What you have to do » Repeat every entry below exactly.

[Stored records]
* * * * * * * * *

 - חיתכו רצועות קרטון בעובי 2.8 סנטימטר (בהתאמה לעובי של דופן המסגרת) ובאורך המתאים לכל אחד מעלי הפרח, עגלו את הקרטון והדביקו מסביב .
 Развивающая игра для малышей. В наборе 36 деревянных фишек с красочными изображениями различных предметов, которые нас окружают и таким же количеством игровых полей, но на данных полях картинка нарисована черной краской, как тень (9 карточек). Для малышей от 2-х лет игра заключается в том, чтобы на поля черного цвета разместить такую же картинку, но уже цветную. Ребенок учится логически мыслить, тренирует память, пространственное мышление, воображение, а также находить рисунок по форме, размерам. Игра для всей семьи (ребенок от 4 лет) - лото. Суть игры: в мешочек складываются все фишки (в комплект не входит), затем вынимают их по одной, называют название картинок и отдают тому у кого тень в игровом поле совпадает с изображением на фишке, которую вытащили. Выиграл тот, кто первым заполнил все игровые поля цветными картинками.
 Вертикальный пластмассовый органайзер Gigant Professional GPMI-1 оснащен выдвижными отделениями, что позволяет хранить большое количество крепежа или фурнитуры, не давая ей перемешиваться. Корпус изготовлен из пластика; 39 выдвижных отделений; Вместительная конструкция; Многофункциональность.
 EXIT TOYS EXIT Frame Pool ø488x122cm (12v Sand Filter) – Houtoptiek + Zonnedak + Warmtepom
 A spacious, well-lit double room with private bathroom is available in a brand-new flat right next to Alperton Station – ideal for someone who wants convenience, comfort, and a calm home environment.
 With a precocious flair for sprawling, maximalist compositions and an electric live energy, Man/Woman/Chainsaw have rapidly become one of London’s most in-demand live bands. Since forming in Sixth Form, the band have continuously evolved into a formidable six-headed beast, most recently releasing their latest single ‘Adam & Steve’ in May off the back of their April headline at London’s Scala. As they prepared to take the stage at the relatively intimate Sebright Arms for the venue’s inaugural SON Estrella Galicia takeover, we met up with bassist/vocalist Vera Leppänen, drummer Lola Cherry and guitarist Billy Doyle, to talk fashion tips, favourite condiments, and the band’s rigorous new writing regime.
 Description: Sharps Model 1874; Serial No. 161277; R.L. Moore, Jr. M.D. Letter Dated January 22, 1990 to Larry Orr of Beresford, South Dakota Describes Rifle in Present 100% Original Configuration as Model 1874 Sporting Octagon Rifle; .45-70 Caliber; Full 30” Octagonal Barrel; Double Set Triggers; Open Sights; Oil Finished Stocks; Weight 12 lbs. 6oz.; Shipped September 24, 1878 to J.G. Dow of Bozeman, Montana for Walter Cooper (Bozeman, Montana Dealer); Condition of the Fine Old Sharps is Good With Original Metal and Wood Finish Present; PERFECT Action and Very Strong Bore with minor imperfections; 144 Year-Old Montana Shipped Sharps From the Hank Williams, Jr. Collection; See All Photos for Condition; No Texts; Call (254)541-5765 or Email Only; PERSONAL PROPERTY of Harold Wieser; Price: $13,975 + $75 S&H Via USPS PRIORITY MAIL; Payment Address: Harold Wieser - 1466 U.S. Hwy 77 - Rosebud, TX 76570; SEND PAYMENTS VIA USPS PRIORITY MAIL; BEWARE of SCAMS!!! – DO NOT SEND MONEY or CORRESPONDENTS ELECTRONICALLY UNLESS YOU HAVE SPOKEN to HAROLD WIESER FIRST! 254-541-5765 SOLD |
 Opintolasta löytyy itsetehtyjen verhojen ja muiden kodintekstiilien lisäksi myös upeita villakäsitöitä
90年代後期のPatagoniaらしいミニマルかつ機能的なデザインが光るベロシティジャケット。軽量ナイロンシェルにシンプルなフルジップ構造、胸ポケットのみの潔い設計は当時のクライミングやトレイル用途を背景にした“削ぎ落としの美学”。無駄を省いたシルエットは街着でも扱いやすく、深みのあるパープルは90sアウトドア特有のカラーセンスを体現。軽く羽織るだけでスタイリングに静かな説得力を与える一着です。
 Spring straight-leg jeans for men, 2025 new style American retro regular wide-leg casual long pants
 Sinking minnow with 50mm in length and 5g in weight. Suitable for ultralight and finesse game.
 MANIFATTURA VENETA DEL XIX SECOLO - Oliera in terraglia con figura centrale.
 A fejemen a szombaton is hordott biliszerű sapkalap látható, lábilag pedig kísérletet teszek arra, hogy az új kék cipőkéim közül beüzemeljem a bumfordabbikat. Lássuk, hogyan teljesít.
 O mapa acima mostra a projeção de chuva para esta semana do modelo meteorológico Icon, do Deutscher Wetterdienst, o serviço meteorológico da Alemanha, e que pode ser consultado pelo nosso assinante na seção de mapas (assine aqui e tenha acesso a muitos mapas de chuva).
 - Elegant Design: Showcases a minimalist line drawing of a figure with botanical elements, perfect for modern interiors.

* * * * * * * * *

Written reply »
 - חיתכו רצועות קרטון בעובי 2.8 סנטימטר (בהתאמה לעובי של דופן המסגרת) ובאורך המתאים לכל אחד מעלי הפרח, עגלו את הקרטון והדביקו מסביב .
 Развивающая игра для малышей. В наборе 36 деревянных фишек с красочными изображениями различных предметов, которые нас окружают и таким же количеством игровых полей, но на данных полях картинка нарисована черной краской, как тень (9 карточек). Для малышей от 2-х лет игра заключается в том, чтобы на поля черного цвета разместить такую же картинку, но уже цветную. Ребенок учится логически мыслить, тренирует память, пространственное мышление, воображение, а также находить рисунок по форме, размерам. Игра для всей семьи (ребенок от 4 лет) - лото. Суть игры: в мешочек складываются все фишки (в комплект не входит), затем вынимают их по одной, называют название картинок и отдают тому у кого тень в игровом поле совпадает с изображением на фишке, которую вытащили. Выиграл тот, кто первым заполнил все игровые поля цветными картинками.
 Вертикальный пластмассовый органайзер Gigant Professional GPMI-1 оснащен выдвижными отделениями, что позволяет хранить большое количество крепежа или фурнитуры, не давая ей перемешиваться. Корпус изготовлен из пластика; 39 выдвижных отделений; Вместительная конструкция; Многофункциональность.
 EXIT TOYS EXIT Frame Pool ø488x122cm (12v Sand Filter) – Houtoptiek + Zonnedak + Warmtepom
 A spacious, well-lit double room with private bathroom is available in a brand-new flat right next to Alperton Station – ideal for someone who wants convenience, comfort, and a calm home environment.
 With a precocious flair for sprawling, maximalist compositions and an electric live energy, Man/Woman/Chainsaw have rapidly become one of London’s most in-demand live bands. Since forming in Sixth Form, the band have continuously evolved into a formidable six-headed beast, most recently releasing their latest single ‘Adam & Steve’ in May off the back of their April headline at London’s Scala. As they prepared to take the stage at the relatively intimate Sebright Arms for the venue’s inaugural SON Estrella Galicia takeover, we met up with bassist/vocalist Vera Leppänen, drummer Lola Cherry and guitarist Billy Doyle, to talk fashion tips, favourite condiments, and the band’s rigorous new writing regime.
 Description: Sharps Model 1874; Serial No. 161277; R.L. Moore, Jr. M.D. Letter Dated January 22, 1990 to Larry Orr of Beresford, South Dakota Describes Rifle in Present 100% Original Configuration as Model 1874 Sporting Octagon Rifle; .45-70 Caliber; Full 30” Octagonal Barrel; Double Set Triggers; Open Sights; Oil Finished Stocks; Weight 12 lbs. 6oz.; Shipped September 24, 1878 to J.G. Dow of Bozeman, Montana for Walter Cooper (Bozeman, Montana Dealer); Condition of the Fine Old Sharps is Good With Original Metal and Wood Finish Present; PERFECT Action and Very Strong Bore with minor imperfections; 144 Year-Old Montana Shipped Sharps From the Hank Williams, Jr. Collection; See All Photos for Condition; No Texts; Call (254)541-5765 or Email Only; PERSONAL PROPERTY of Harold Wieser; Price: $13,975 + $75 S&H Via USPS PRIORITY MAIL; Payment Address: Harold Wieser - 1466 U.S. Hwy 77 - Rosebud, TX 76570; SEND PAYMENTS VIA USPS PRIORITY MAIL; BEWARE of SCAMS!!! – DO NOT SEND MONEY or CORRESPONDENTS ELECTRONICALLY UNLESS YOU HAVE SPOKEN to HAROLD WIESER FIRST! 254-541-5765 SOLD |
 Opintolasta löytyy itsetehtyjen verhojen ja muiden kodintekstiilien lisäksi myös upeita villakäsitöitä
90年代後期のPatagoniaらしいミニマルかつ機能的なデザインが光るベロシティジャケット。軽量ナイロンシェルにシンプルなフルジップ構造、胸ポケットのみの潔い設計は当時のクライミングやトレイル用途を背景にした“削ぎ落としの美学”。無駄を省いたシルエットは街着でも扱いやすく、深みのあるパープルは90sアウトドア特有のカラーセンスを体現。軽く羽織るだけでスタイリングに静かな説得力を与える一着です。
 Spring straight-leg jeans for men, 2025 new style American retro regular wide-leg casual long pants
 Sinking minnow with 50mm in length and 5g in weight. Suitable for ultralight and finesse game.
 MANIFATTURA VENETA DEL XIX SECOLO - Oliera in terraglia con figura centrale.
 A fejemen a szombaton is hordott biliszerű sapkalap látható, lábilag pedig kísérletet teszek arra, hogy az új kék cipőkéim közül beüzemeljem a bumfordabbikat. Lássuk, hogyan teljesít.
 O mapa acima mostra a projeção de chuva para esta semana do modelo meteorológico Icon, do Deutscher Wetterdienst, o serviço meteorológico da Alemanha, e que pode ser consultado pelo nosso assinante na seção de mapas (assine aqui e tenha acesso a muitos mapas de chuva).
 - Elegant Design: Showcases a minimalist line drawing of a figure with botanical elements, perfect for modern interiors.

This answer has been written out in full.